Platform Ops Lead
Leads platform operations team supporting developers on GitLab and Kubernetes-based DevOps platform. Resolves deployment issues, manages on-call support, trains team members, and ensures SLOs in microservices environment. Requires BS in STEM, Linux skills, and scripting experience.
Duties and Responsibilities
- Identify and resolve operational problems in a micro-service environment
- Work with developers to resolve deployment and runtime problems
- Perform analysis and debugging work across multiple technologies
- Prioritize issues to keep applications within error budgets and meeting their SLOs
- Provide technical solutions to a wide range of problems and user requests
- Document processes, procedures and SOPs by soliciting feedback and suggestions from team members
- Compile postmortems and action items to minimize future outages
- Interview other people for team member roles, and decide which ones to recommend for hire
- Train new team members, and assist them with issues
- Provide on-call support to NCBI's internal developers and other staff
Requirements
- BS degree in STEM or equivalent experience
- Customer-focused, team-oriented disposition
- Good systems debugging skills
- Comfortable with the Linux environment or UNIX CLI
- Experience with some programming or scripting language
- Have experience creating processes, procedures and SOP documentation
- General understanding of TCP/IP, HTTP, and related protocols
- Initiative to take ownership of tasks and drive them to completion
- Comfortable dealing with users with varying levels of IT knowledge
- Eager to learn new technologies
- Strong communication and soft skills to interface with customers, peers and management
- Good judgement, sense of integrity, and responsibility
Preferred Experience and Skillsets
-
Kubernetes, OpenShift, Cloud or Linux experience
-
Experience with:
- Service Reliability Engineering in any capacity
- Linux systems administration
- Automated CI servers, especially TeamCity and/or GitLab
- Automation programming/scripting in any of: bash, Ruby, Python, Go, Java, Scala, Rust, C++, Perl
- Automated configuration management, such as Puppet, Ansible, Chef, bcfg2, cfengine, etc. (Puppet is preferred)
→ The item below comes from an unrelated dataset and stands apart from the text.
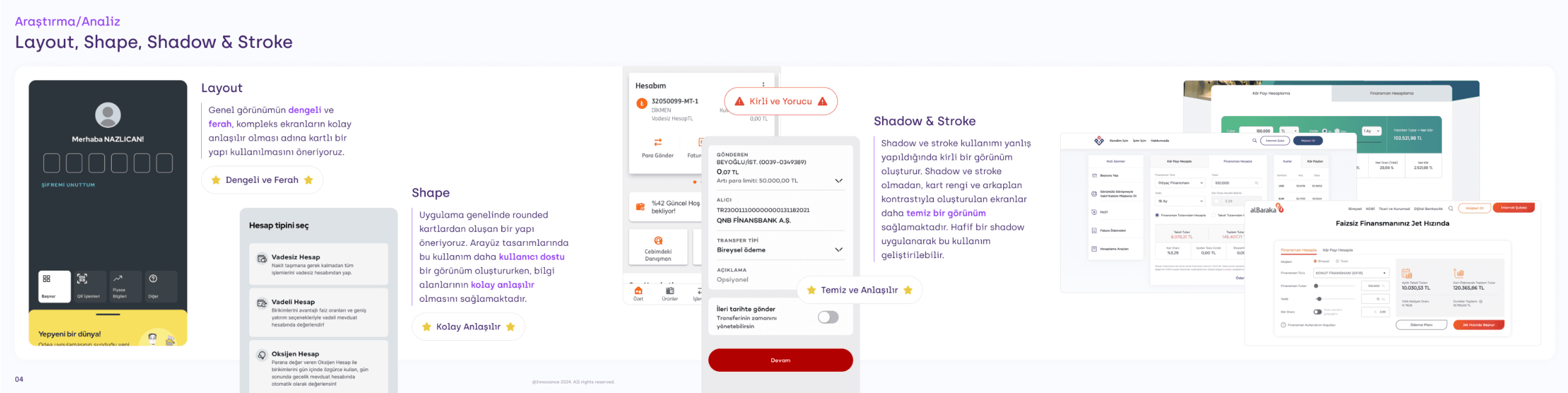 As part of Ziraat Katılım’s full digital transformation, the team aimed to modernize the product’s visual language and overall UI approach. I worked independently to create a Tone of Voice presentation defining how the brand should communicate with users and express itself visually. I also reviewed the existing UI, shared feedback, and proposed a new UI. Based on the outcomes of these sessions, we designed key user flows with aligned UI elements, and once the direction was finalized, we established a design system and component library.

- Version control systems, especially git
- Service Mesh technologies (e.g., linkerd, Istio)
- Configuring or using monitoring and alerting technologies (TIGK stack, Grafana, Prometheus, OpsGenie)
- Confluence, Jira, and Microsoft Office suite
- GitOps tools, especially ArgoCD
- Google Anthos
-
Understanding of:
- Linux internals (system calls, file systems, processes, etc.)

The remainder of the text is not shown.